An epidemiological study, by nature, is the study of populations. Populations, by definition, are composed of individuals, each with a very real-life experience. Suddenly, the HTDS and its results, released after months of hushed and restrictive secrecy, reflected not life as it was for those of us who grew up in the Hanford downwind area during release years, but as a funhouse mirror, distorting our lives, and denying our experience. I felt myself becoming deeply angered, yet I knew that angry outbursts would accomplish nothing with HTDS scientists. They needed to understand that too many of us—too many of the people I had grown up with—now had thyroid disease, and/or thyroid cancer. They needed to know that I, that we, were not reassured by the HTDS’s purported “no harm” findings. It was up to us to let the world know that this epidemiologic study, for some reason, did not reflect our reality. This study had made us insignificant and invisible.
I had believed that the HTDS would finally show the world what had happened to all of us who lived in the shadow of Hanford.

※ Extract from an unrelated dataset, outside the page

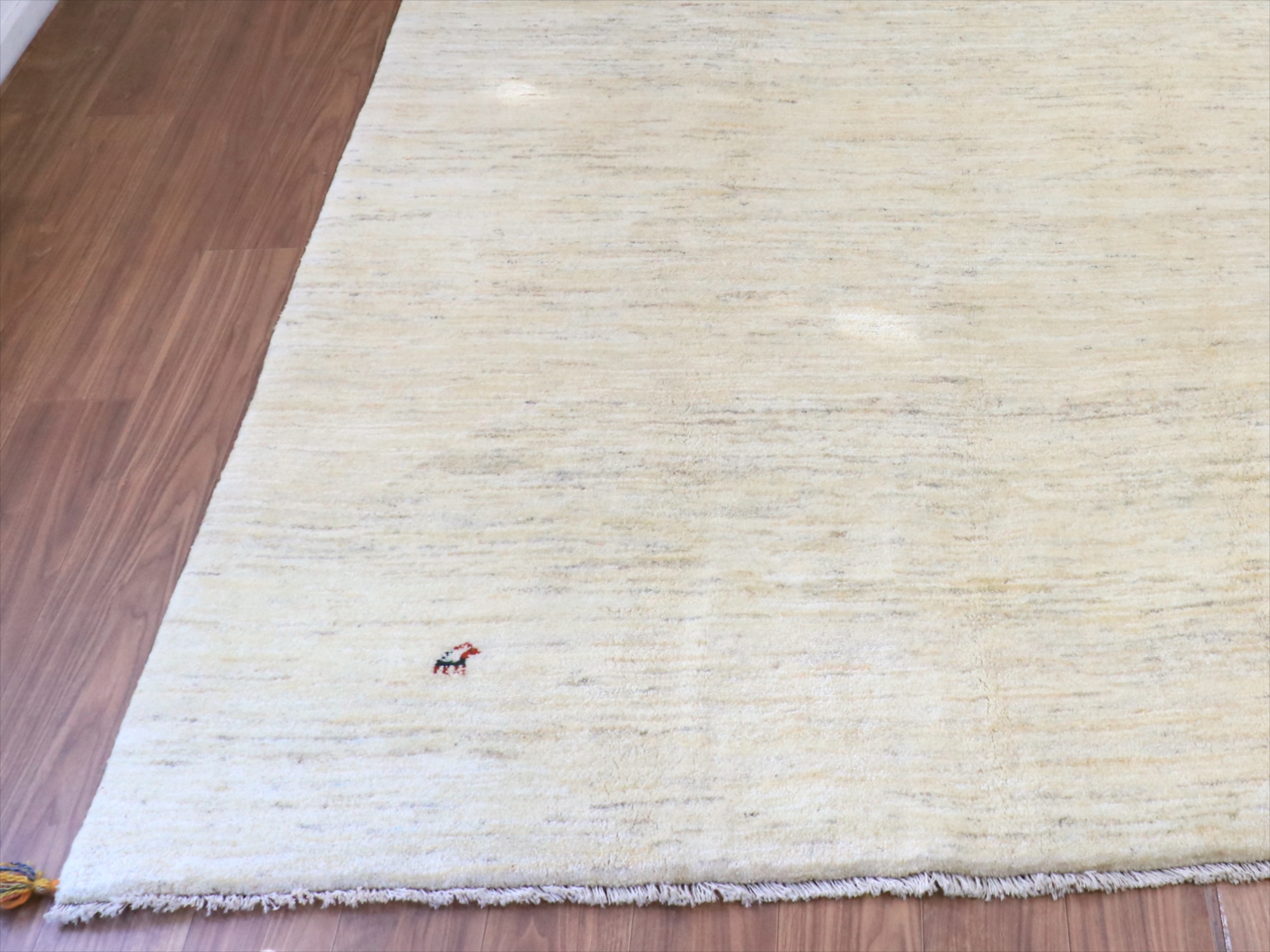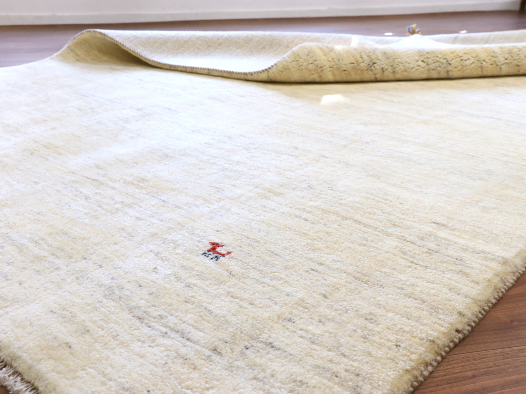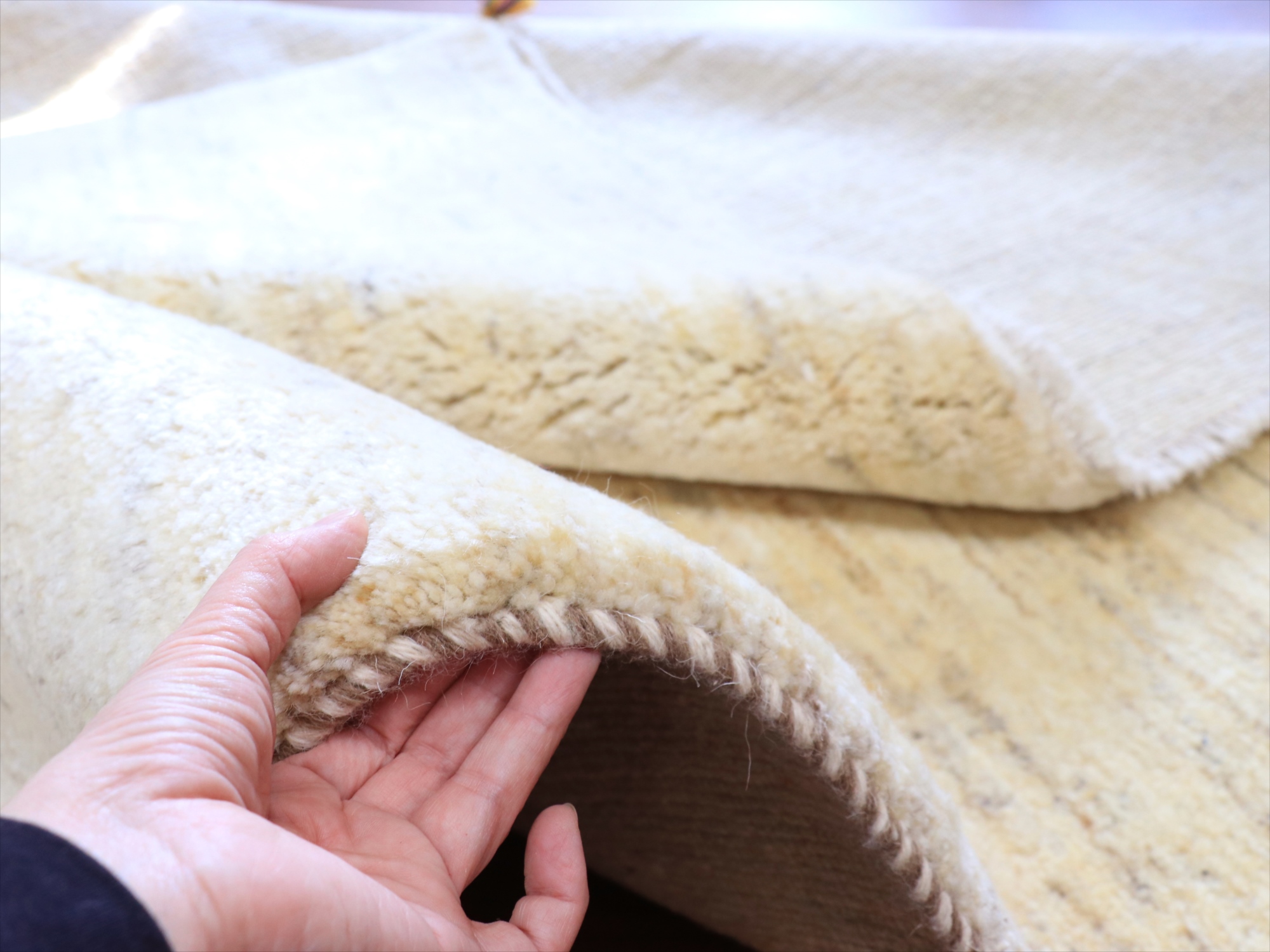 ギャッベ イラン産手織りラグ 292x200cm シンプル 無地 ナチュラルアイボリー ベージュ

Yet, here we were, being fed a story of a reassuring, happy, healthy life next to a plutonium production facility, in spite of more than 750,000 curies of I-131 wafting through the air, landing on everything we touched or ate, and saturating my baby milk and ice cream. Those of us who had followed the progress of the HTDS and held out so much hope that it would reflect our reality concluded that something was amiss with either the data or the methodology on which HTDS was based [52]. We wanted to get to the bottom of this.
Notes
49. Steele, K. D. 1999. Fallout from thyroid study: Critics fault CDC for early release of
Hanford results, unreviewed research. Spokesman Review. 14 February.
50. Davis, S., and Kopecky, K. 1998. Executive summary. HTDS draft final report, 18.
Seattle, WA: Fred Hutchinson Cancer Research Center.
51. Torvik, S. 1999. Study further muddies Hanford waters. Seattle Times. 28 February
1999.
52. Over much of the course of HTDS, I served as a long-term member of the Hanford Health Effects Subcommittee (HHES), a citizens’ advisory committee to the Agency for Toxic Substances and Disease Registry and CDC, which had been following the development of HTDS. I had had great faith in science to reflect reality, and that the downwinders like me would hear the story of our lives and our damaged health confirmed within the results of HTDS.